WIRELESS Light and Power is a Central Okanagan-based ministry striving to bring electric lights to people in remote areas in Africa.

There is more than enough technology to provide solar-powered lights where conventional power is not available, said Kelowna engineer and businessman Ludwig Teichgraber.

The problem is that only missionaries and other expatriates, and a few better-off local villagers, can afford them, the Wireless founder and director added.

On a visit to Cameroon six years ago, to help a missionary friend with construction work, locals began asking him if he could help them get lights like the missionaries.

“People came and asked if I could help solve their problem,” Teichgraber said. “I asked myself if there would be a way of sharing solar power with the village, at a cost they could afford.”

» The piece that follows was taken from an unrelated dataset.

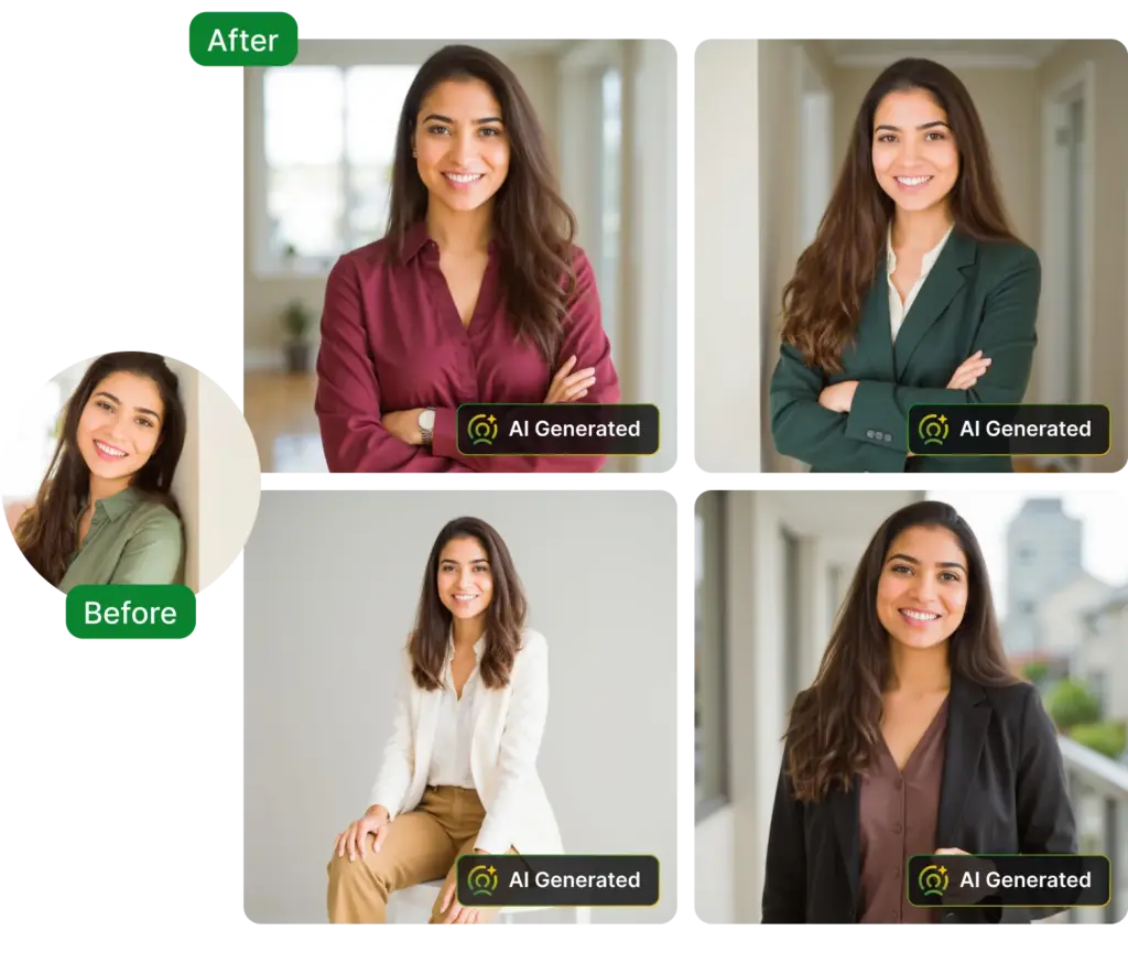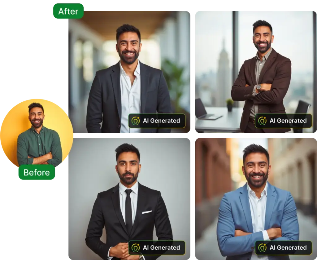 Our advanced AI analyzes and transforms your photos into polished, professional-quality headshots.

Most people in the village of Allat in remote Central Cameroon, where Wireless Light has its pilot project, use kerosene lanterns and conventional flashlights with disposable batteries. Both are expensive for people with little or no cash income; they’re also ineffective, and bad for the environment.

Kerosene lanterns use scarce, expensive fossil fuel, and are a fire hazard. Many areas are already littered with discarded flashlight batteries.

Wireless is beginning to offer Allat villagers – most of whom live in huts made of mud and straw – super-efficient LED lights, powered by the latest in rechargeable flashlight batteries (which last about a week).

When they need charging, they are taken to a central station in the village powered by solar cells, and exchanged for a fresh units.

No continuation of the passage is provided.